The European Central Bank Governing Council kept rates unchanged at 1.00% for the fourth consecutive month in order to support the euro-area economy and as the Bank expects inflation to remain above 2.0% in 2012, accordingly the bank attempts to set the policy to balance growth and inflation at the same time.
The European Central Bank sees that inflation is likely to remain above the target of 2.0% as upside pressures on prices prevail. However, over the medium-term risk to inflation remain broadly balanced, while the ECB has all the tools available against inflation, but still the pressures are to ease and inflation will fall below the target early in 2013.
In regards to growth, the ECB sees that downside risks remain evident on the economic outlook, driven by the narrowed balance sheets; however, the economy will recover gradually this year awaiting the non-standard measures, which are temporary in nature, to start taking positive effect.
The ECB will carefully monitor developments in the euro-area region, where so far the measures provided by the bank helped the stabilization of environment, while economic indicators confirm those signs of stabilization, yet as mentioned earlier downside risks remain evident as the austerity adopted will weigh significantly on growth.

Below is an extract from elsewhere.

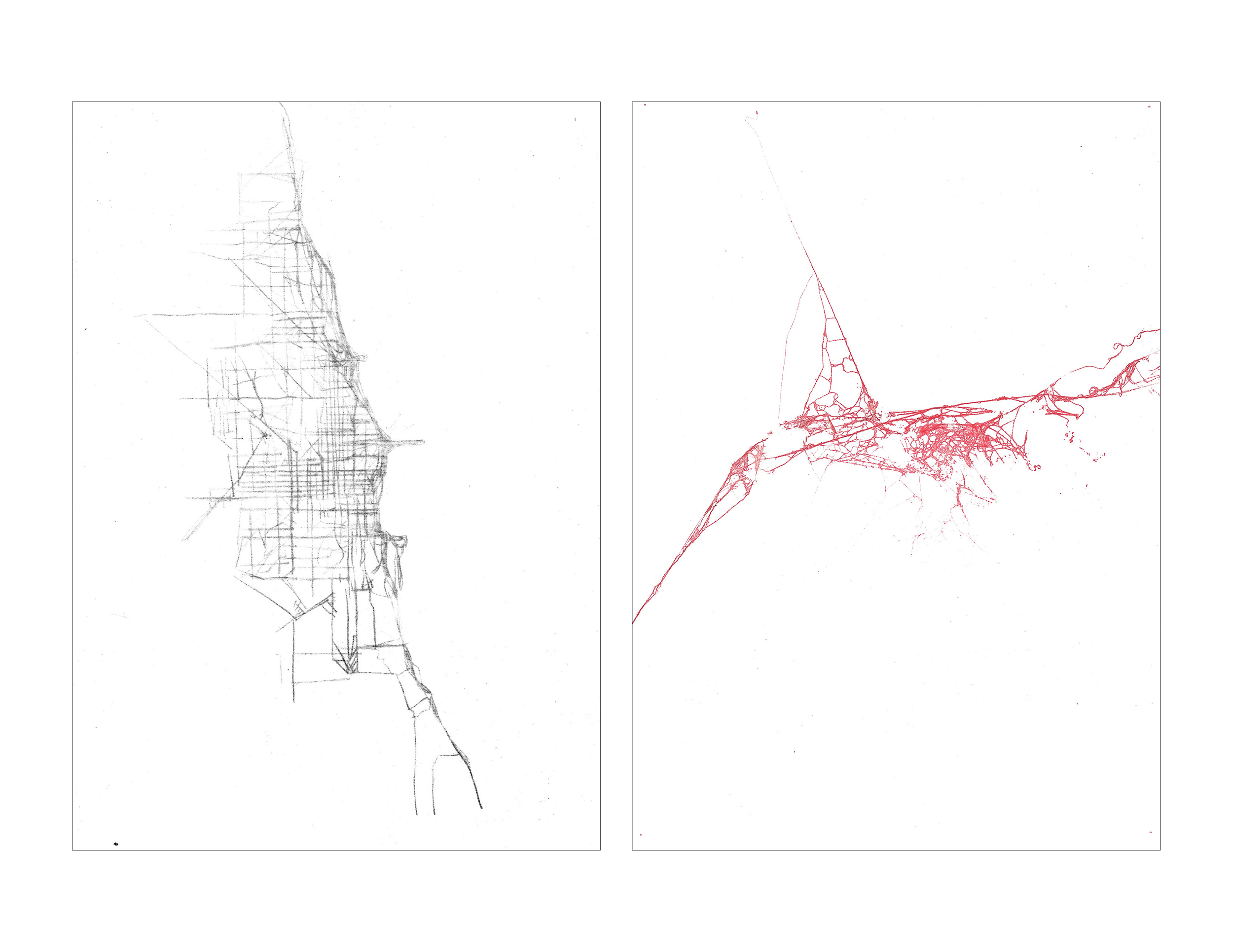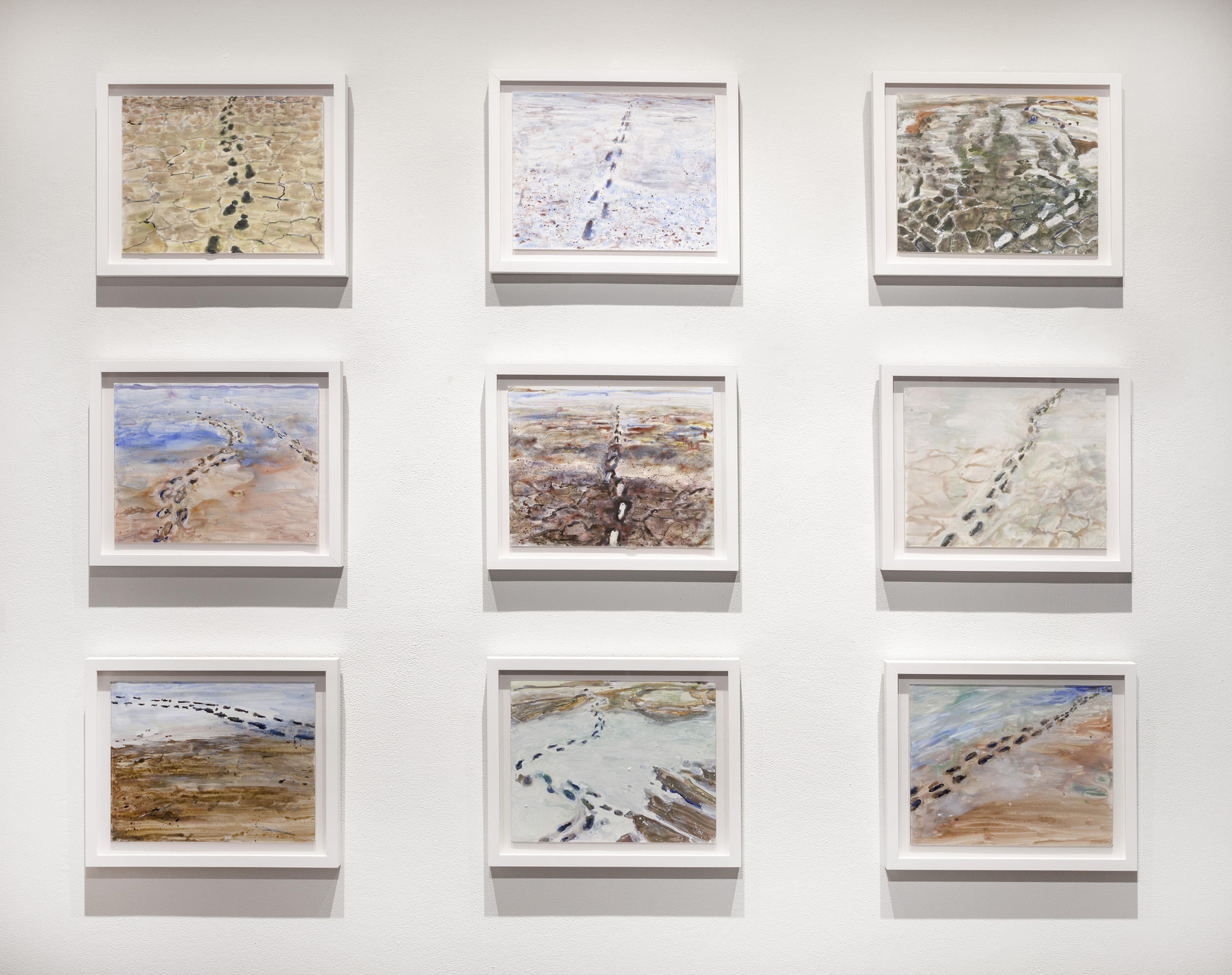 The next work, titled Imprints, illustrates our human tendency to claim territory and leave a trace marking our existence. Thereafter, the work, Eco-Footprints, represents the path we leave behind even after we cease to exist. These works fully contemplate human impact on nature, for which theorists have coined the term Anthropocene, as the geological age in which we currently exist. Traces of humanity find evidence in all facets of life. Icebergs contains oil extracted by man, while the deepest parts of the ocean is littered with our trash. Our reach has no bounds: our imprints are left everywhere, replacing pristine nature that existed before us with our own devices.

Funding conditions for European banks improved after the second round of Long-Term Refinancing Operations (LTROs), where these operations supported the financial sector to avoid a credit crunch and also spread relief among weak banks. The president called on banks to retain earnings to strengthen their capital, a step that will help in fighting the debt crisis.
The President of the ECB called earlier on Governments, demanding every single nation to implement strong reforms to control the deficit, where European nations must fully meet responsibilities and cut deficits, as the European Central Bank cannot target a single nation with the monetary policy, but the bank is concentrated on the euro area nation as whole.